It is recommended for admins who manage projects and resources on Google Cloud Platform to install the Google Cloud Console app on their mobile devices so that they can manage a few critical operations from the app itself. The app is available for iOS at https://itunes.apple.com/us/app/google-cloud-console/id1005120814 and for Android at https://play.google.com/store/apps/details?id=com.google.android.apps.cloudconsole&hl=en.

Google Cloud storage and its features

Google Cloud storage provides the option to store your unstructured data with built-in version control, multi-region availability, and four types of storage classes that can help manage the life cycle of your data on Google Cloud.

To get started with Google Cloud storage:

  1. Click on the top-left menu and then on Storage option under the Storage category as shown in the following screenshot
  2. Click on Create a bucket in the dialog or the CREATE BUCKET button at the top and enter a bucket name; it should be unique across all Google Cloud storage buckets and not just your account
  1. Choose Regional for the default storage class of the bucket and choose your region for Regional location:
  1. Once the bucket is created, upload a file by clicking on the UPLOAD FILES button
  2. Download the sample CSV file from the following given URL and upload it to your storage bucket

We will be using this file to import its data to the BigQuery table. 

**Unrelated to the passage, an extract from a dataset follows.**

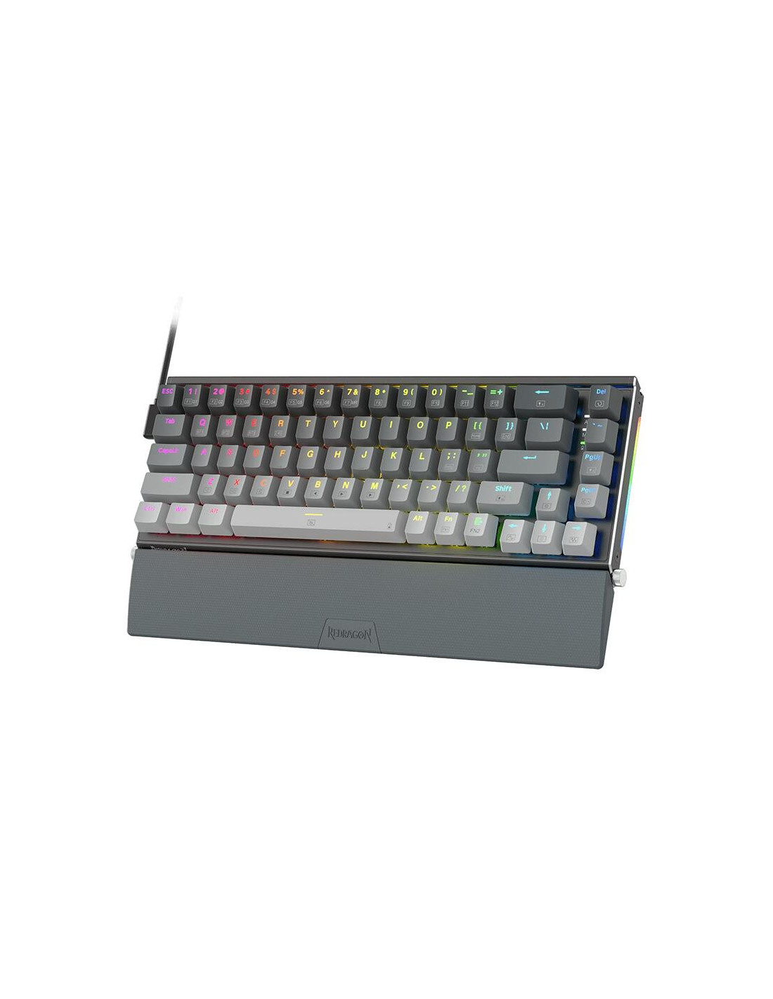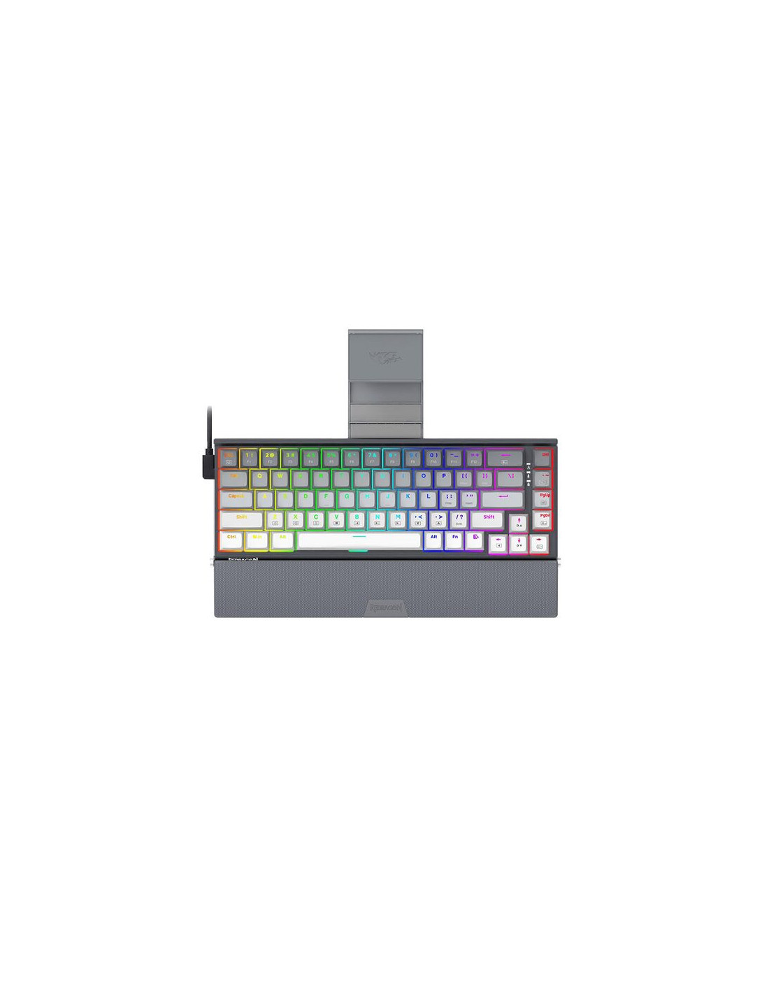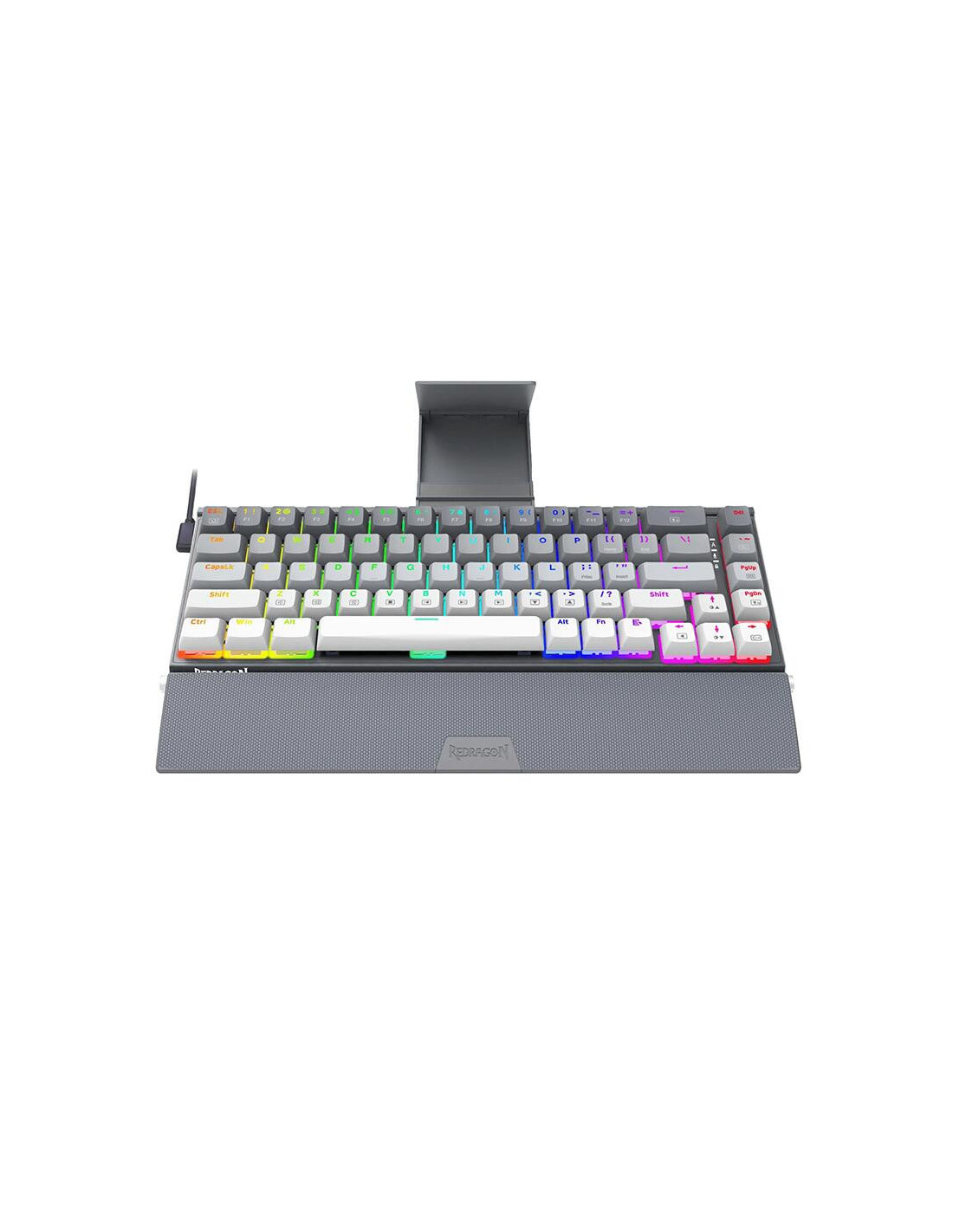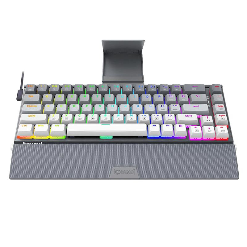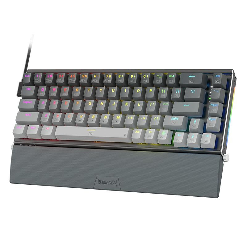Tastatura gaming mecanica Bluetooth cu si fara fir Redragon Shaco PRO gri iluminare RGB, sasiu din aluminiu, switch-uri Redragon rosii, toate tastele fara conflict - 68 taste (n-key rollover), protocol bluetooth: 5.0, se pot conecta 3 device-uri simultan (se selecteaza device-ul pe care il folositi din combinatia de taste FN si Q, W,si E), baterie: 1600mAh, protocol wireless 2.4 Ghz. iluminare LED RGB a tastelor (20 moduri de iluminare, reglarea intensitatii), EVA Silencer Foam instalata in interiorul tastaturii, tasta WIN poate fi dezactivata in timpul jocurilor, 6 taste MACRO, 7 taste multimedia, include switch-uri de schimb, palmrest detasabil, suport de telefon sau tableta detasabil, conector USB Type-C, cablu USB detasabil (cablu cu conectori USB Type-C si adaptor pentru USB Type A), dimensiuni: 320x167x37mm, greutate: 1105g

Google Cloud storage provides buckets as top-level storage structures for projects. Under buckets, the user can create a folder or directly upload files into the buckets. These files and folders in the bucket can be shared with others via a URL. We can also set the expiry date for the shared link so that it becomes inactive after a specified date. 

While the buckets, folders, and files might give the user a hierarchical storage notion, Google Cloud storage does not use hierarchical data structure to store these entities; hence the performance of Google File System is fast.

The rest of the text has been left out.